After the end of World War II the pork pie's broad popularity declined somewhat, though as a result of the zoot suit connection it continued its association with African American music culture, particularly jazz, blues, and ska. In television between 1951 and 1955, Art Carney frequently wore one in his characterization of Ed Norton in The Honeymooners, and in Puerto Rico the actor Joaquín Monserrat, known as Pacheco, was the host of many children's 1950s TV shows and was known for his straw pork pie hat and bow tie—in this incarnation, the pork pie returned to its Buster Keaton style with rigidly flat brim and extremely low flat crown.

In the 1960s in Jamaica, the "rude boy" subculture popularized the pork-pie, as well as hats resembling tall trilby styles. Jamaican diaspora brought the pork pie hat back into style in the United Kingdom through the connecting of youth cultures. When migration to the United Kingdom increased following the end of the Second World War and government calls for post-war reconstruction (see Windrush generation, British Nationality Act), shared musical and style interests thereby influenced the appearance of garments such as the pork pie hat in the emergent youth mod and rave subculture.

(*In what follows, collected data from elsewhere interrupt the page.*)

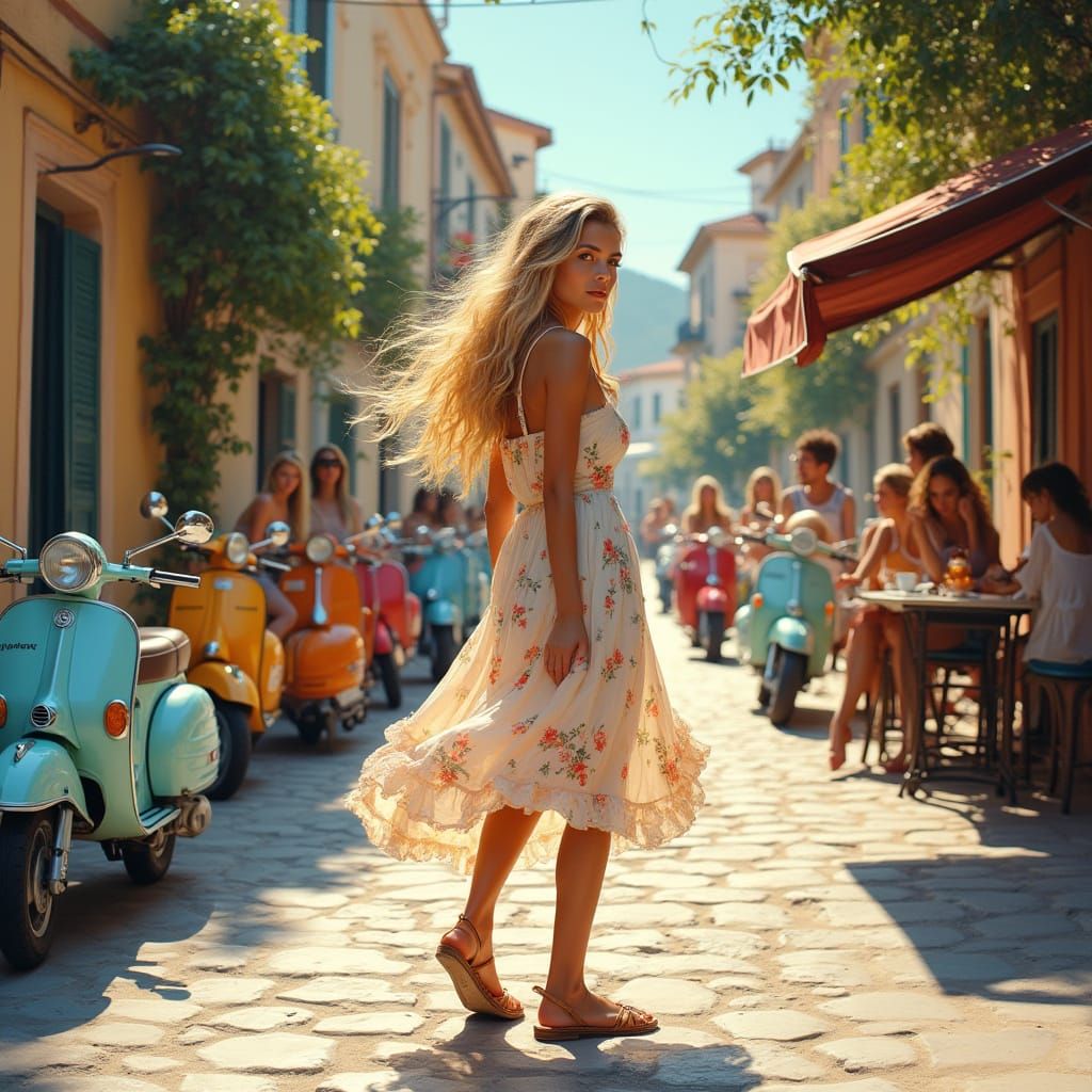 A serene seaside scene of a young woman standing on a cobblestone street, surrounded by vintage Vespas and scooters, with friends gathering at a cafe in the background, bathed in warm Mediterranean light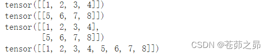 print(m.t()) # Transposition , from 2x4 Turn into 4x2
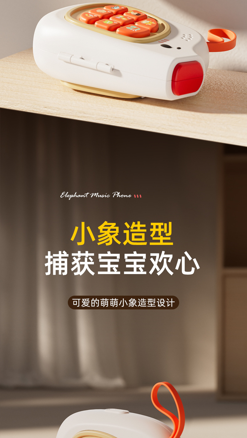 귀여운 코끼리 아기 음악 휴대폰, 바쁜 놀이판, 회전 놀이, 핸들 잠금 해제, 외출용 휴대 아기 조기 교육 장난감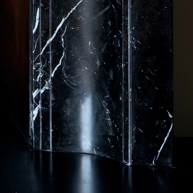 Seen here in Nero Marquina marble, The Scarpa has the elegance of an Art Deco design and features deeply curved concave ingrounds framing the opening to the fire chamber.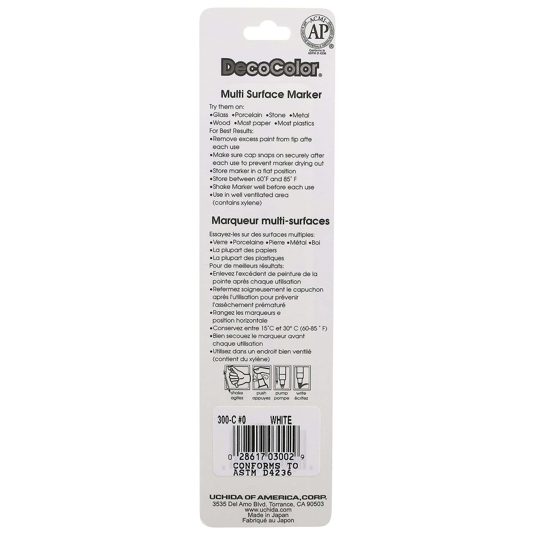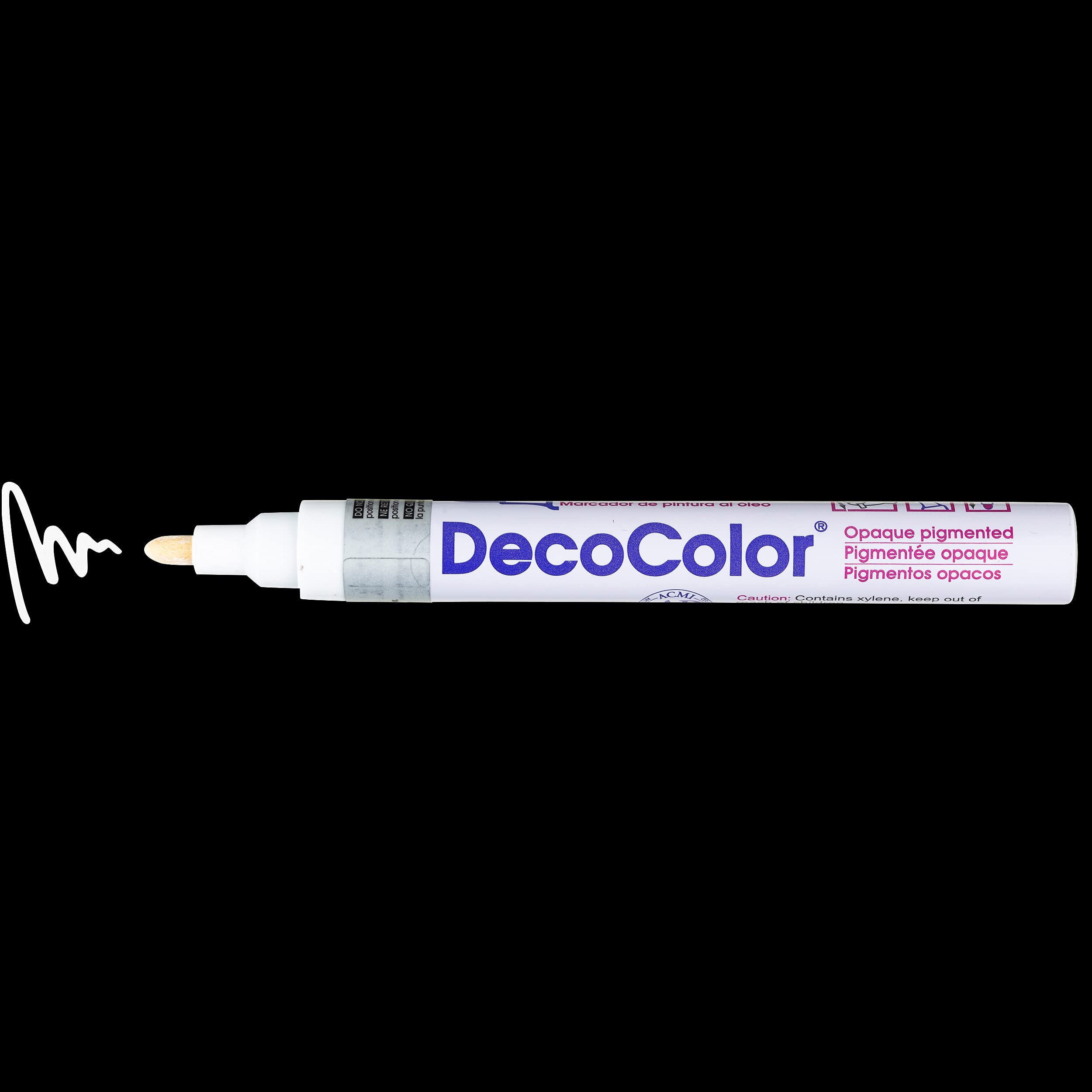 This Deco Color broad point paint markers are great for writing and covering larger areas on glass, paper, wood, clay, porcelain, stone, metal and mirrors. The paint is opaque and xylem based. Its oil based formula allows for a gloss finish to any project. It is lead free, acid free, lightfast, weatherproof and pigmented. Great for crafting, home and office use. This conforms to ASTM D4236 standard and comes in carded packing. Available in white color. Measures 3/4-inch length by 2-inch width by 7-1/4-inch height.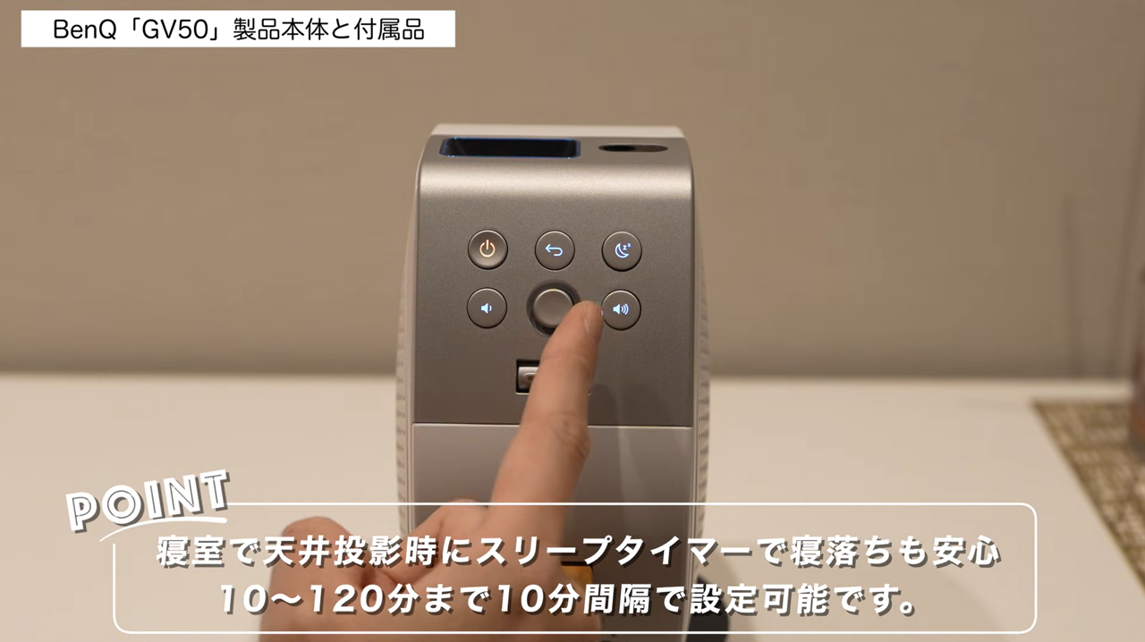 寝ながら視聴する場合、そのまま寝てしまうことも多いはず。天井プロジェクターにスリープタイマーや専用ボタンがあると、非常に便利です。

The porkpie hat enjoyed a slight resurgence in exposure and popularity after Gene Hackman's character Jimmy "Popeye" Doyle wore one in the 1971 film The French Connection. Doyle was based on real-life policeman Eddie Egan, who played the captain in the film, and his exploits. Egan was famous all his life for wearing a pork pie hat. At about the same time, Robert De Niro wore a pork pie hat in the 1973 film Mean Streets (the same hat he wore when he auditioned for the film).

Further, the Two-Tone Ska revival of the 1970s also contributed to the revival of the pork pie hat in youth culture and fashion in the United Kingdom, where black and white tailored garments were coupled with this style of hat, as worn by members of bands The Specials and The Selecter, for example.

==Contemporary associations==
A frequent wearer of pork pie hats is Panamanian salsa singer and composer Ruben Blades. In the early 21st century, the wearing of a pork pie hat retained some of its 1930s and '40s associations. Fashion writer Glenn O'Brien says:

The porkpie hat is the mark of the determined hipster, the kind of cat you might see hanging around a jazz club or a pool hall, maybe wearing a button-front leather jacket and pointy shoes. It's a Tom Waits, Johnny Thunders kind of hat. It has a narrower brim than a fedora and a flat top with a circular indent. Usually the brim is worn up. It is often worn with a goatee, soul patch, and/or toothpick.

The character of Detective Meldrick Lewis (played by Clark Johnson) in the 1990s American series Homicide: Life on the Street wears a pork pie hat as part of his style. Several of the hats worn by Johnson were auctioned off after the end of the series.

Bryan Cranston's character Walter White wears a pork pie hat in the AMC series Breaking Bad when he appears as his alter ego "Heisenberg", whose persona is associated with the hat. Sony Pictures Television donated "Heisenberg's" hat to the Smithsonian Institution.